Department of Epidemiology and Biostatistics, MRC-HPA Centre for Environment and Health, Imperial College London, London W2 1PG, United Kingdom.
Environ Int. 2013 Jan;51:106-15. doi: 10.1016/j.envint.2012.10.012. Epub 2012 Nov 29.
Affinity zones are defined as areas within which air quality displays consistent behaviour over space and time. Constructed using multivariate statistical techniques and physiographic and landscape variables reflecting underlying sources and spatial patterns of air pollution, affinity zones provide a spatial structure suited to exploring the representativity of monitoring networks and as a basis for air pollution mapping and exposure assessment. The affinity zone method is demonstrated using European air pollution monitoring sites, and environmental data compiled within a 1 km GIS. Organised into three main stages, this method involves: (i) indicator selection, using principal components analysis, (ii) zonation by cluster analysis to classify areas into distinct types, and (iii) site allocation, to confirm similarity within affinity zones in terms of monitored air pollution concentrations. Ten interpretable and coherent air pollution affinity zones were constructed for Europe, including two rural zones and eight related to different types of densely populated and built up environments. Concentrations between affinity zones differed significantly for NO(2) background and traffic sites and for PM(10) traffic sites only. Not all zones, however, were found to be sufficiently represented by monitoring sites, illustrating the importance of affinity zones in identifying deficiencies in monitoring networks. Spatial modelling within affinity zones is also demonstrated, showing that simple kriging of background NO(2) concentrations within zones (compared to kriging ignoring zones) produced a ca. 22% reduction in errors and increased R(2) by 0.25 at reserved validation monitoring sites. The affinity zone method developed here is a robust, statistical approach that can be used for evaluating the representativity of routine monitoring networks often used in continental level environmental and health risk assessments.

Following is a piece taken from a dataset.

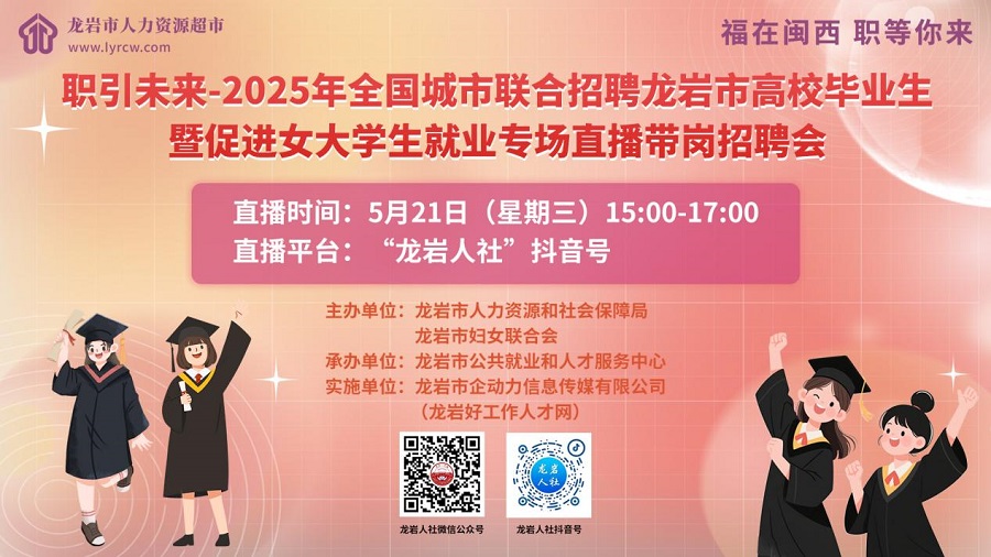 深入貫徹落實黨中央、國務院關于做好就業(yè)工作的決策部署,充分提升女性就業(yè)質量,實現(xiàn)各類企業(yè)與女性人才互贏,全方位多角度支持女性勞動者求職及職業(yè)發(fā)展提升,龍巖市人力資源和社會保障局、龍巖市婦女聯(lián)合會于2025年5月21日下午,在龍巖市人力資源超市成功舉辦了職引未來—2025年全國城市聯(lián)合招聘龍巖市高校畢業(yè)生暨促進女大學生就業(yè)專場直播帶崗招聘會。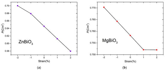 Polarization as a function of in-plane strain (%) relative to the optimized PBEsol structure (0%) for (a) ZnBiO3 and (b) MgBiO3.

亲和区是指在空间和时间上空气质量表现出一致行为的区域。使用多元统计技术以及反映潜在污染源和空气污染空间模式的地形和景观变量构建,亲和区提供了适合探索监测网络代表性的空间结构,并且可以作为空气污染制图和暴露评估的基础。使用欧洲空气污染监测站点和在 1 公里 GIS 内编制的环境数据演示了亲和区方法。该方法分为三个主要阶段:(i)使用主成分分析选择指标,(ii)通过聚类分析进行分区,将区域分类为不同类型,以及(iii)站点分配,以确认在亲和区中监测的空气污染浓度方面的相似性。为欧洲构建了十个可解释和连贯的空气污染亲和区,包括两个农村区和八个与不同类型人口密集和建成环境相关的区。NO2 背景和交通站点以及 PM10 交通站点之间的亲和区之间的浓度差异显著。然而,并非所有区域都被监测站点充分代表,这说明了亲和区在识别监测网络缺陷方面的重要性。还展示了亲和区内的空间建模,表明在区域内进行背景 NO2 浓度的简单克里金(与忽略区域的克里金相比)可使保留验证监测站点的误差减少约 22%,R2 增加 0.25。此处开发的亲和区方法是一种稳健的统计方法,可用于评估通常用于大陆水平环境和健康风险评估的常规监测网络的代表性。